Dillon Marsh is represented by Gallery MOMO.
Kate Gottgens is internationally renowned for her moody oil paintings that allude to ambiguity and anxiety in everyday life. Her paintings feature a signature blurred technique which is applied to faceless subjects engrossed in various scenes. She frequently questions representation and image making, and within each work lies multiple interpretations. In 2014, Kate was the only South African to be included in 100 Painters of Tomorrow, an art publication featuring the 100 most talented new painters in the world.
Kate Gottgens is represented by SMAC Gallery.
Kemang Wa Lehulere
Kemang Wa Lehulere is a multi-media artist who works between Cape Town and Johannesburg. He often references the untold stories of black South African creatives and his own conflicting life as a mixed-race male, the son of a white father and black mother, who grew up during apartheid South Africa. In 2014, Kemang was the first recipient of the International Tiberius Art Award Dresden, and was named Standard Bank Young Artist for Visual Arts the following year. He was most recently announced Deutsche Bank’s ‘Artist of the Year’ for 2017.

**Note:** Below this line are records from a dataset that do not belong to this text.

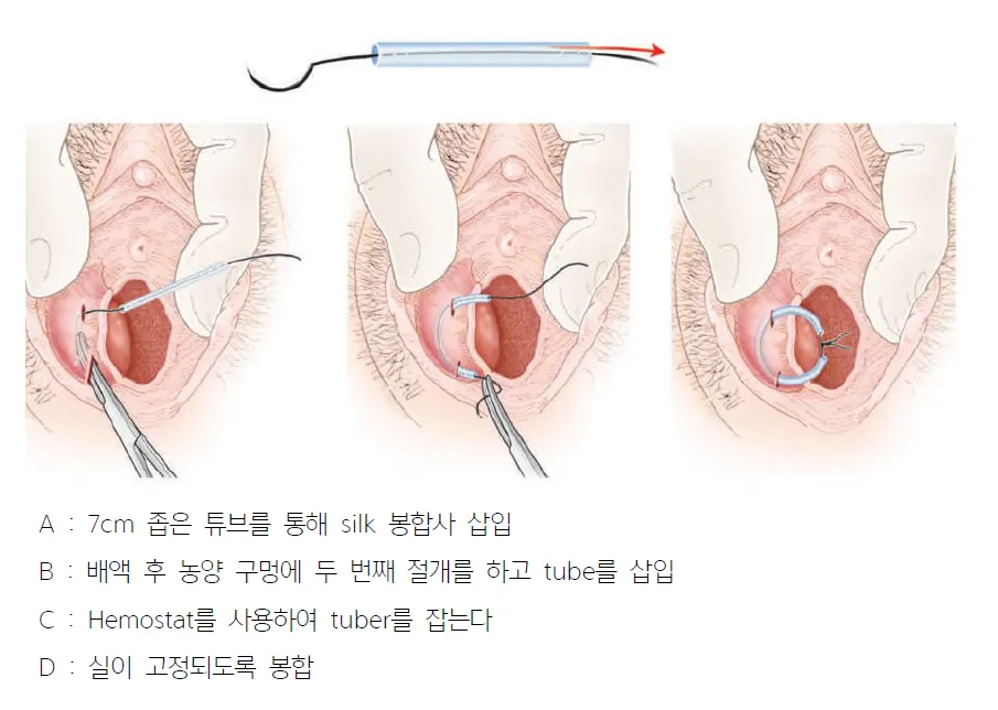 (7) 카테터 끝을 질 안으로 집어넣고 4~6주 동안 제자리에 둔다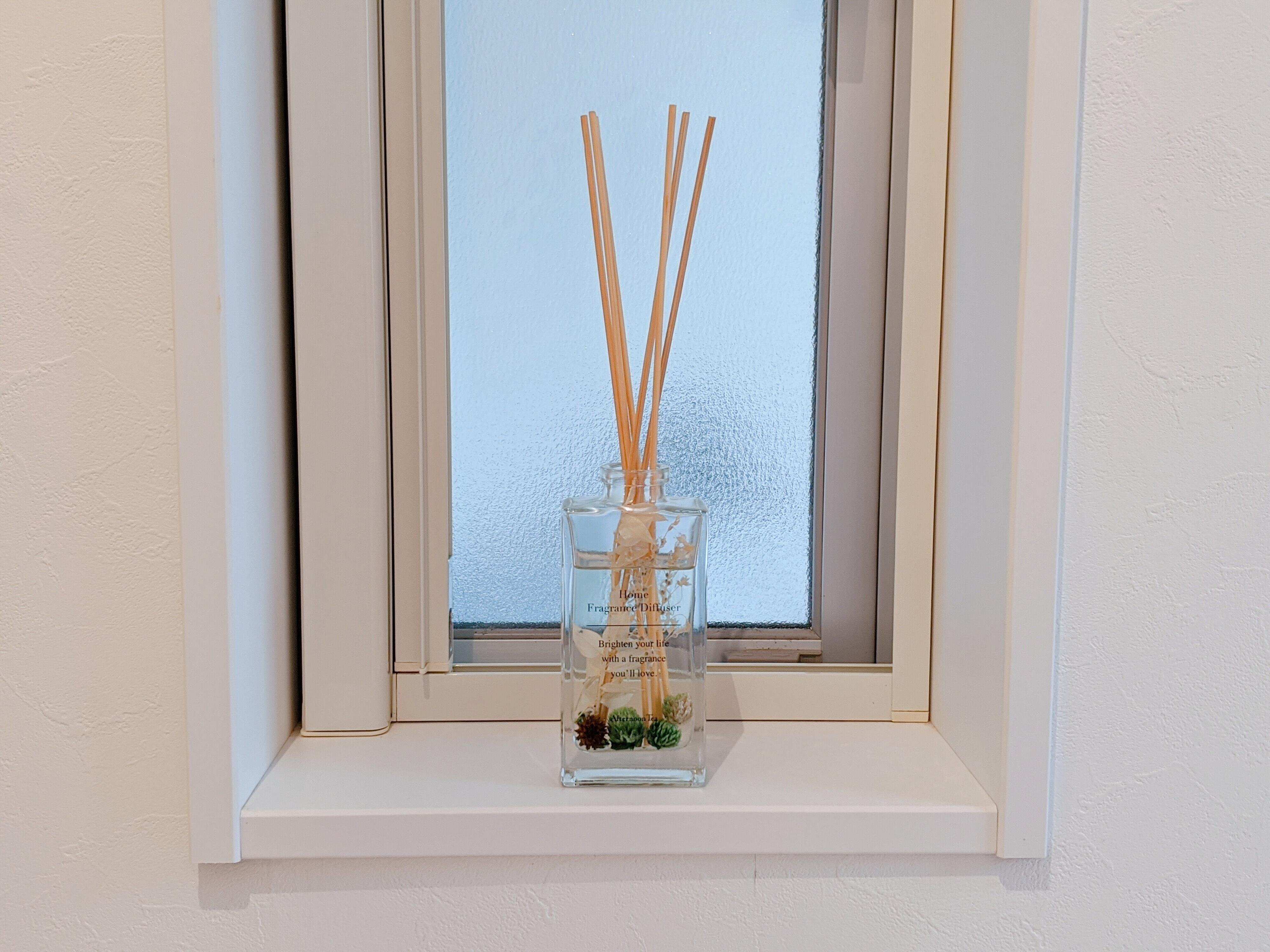 小窓の冊子には、北側の玄関なので匂い対策としてディフューザーのみ置いています。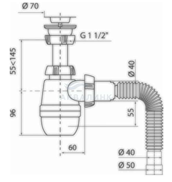 Сифон АНИ Пласт F1045S 3-1/2х40 прямоточный, c отводом для стир. машины, с переливом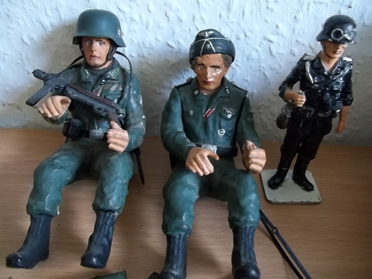 irgendwie sehen mir die Stiefel der beiden größeren Figuren nicht nach Wehrmacht aus... eher wie US-Schnürstiefel. Waren evtl. ursprünglich mal bei einer anderen Armee im Dienst, bevor sie auf Wehrmacht getrimmt wurden!?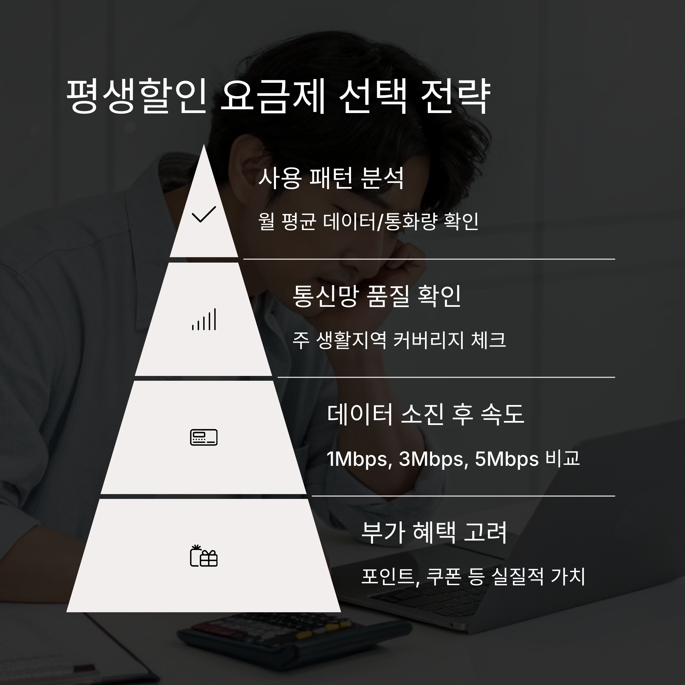 평생할인 요금제를 선택할 때는 다음과 같은 사항을 고려해야 합니다:

Kemang Wa Lehulere is represented by Stevenson Gallery.
Zipho ‘Tony’ Gum is a young emerging artist and film student who started her career as a blogger and co-founder of the Local Collective Youtube channel before transitioning into a visual artist. Tony’s work revolves around African identity and fuses art, fashion and culture through an array of projected identities. ‘Black Coca-Cola’ — a series of portraits which sees her dressed in Xhosa and Western attire toting bottles of Coke — playfully reinterprets the iconic brand lending it a uniquely African aesthetic. Tony has exhibited in Cape Town and the United States where she was nominated for the Prize Award at the Pulse New York Contemporary Art Fair last year. In 2015, Vogue dubbed her the ‘Coolest Girl in Cape Town’.
Tony Gum is represented by the Christopher Moller Gallery.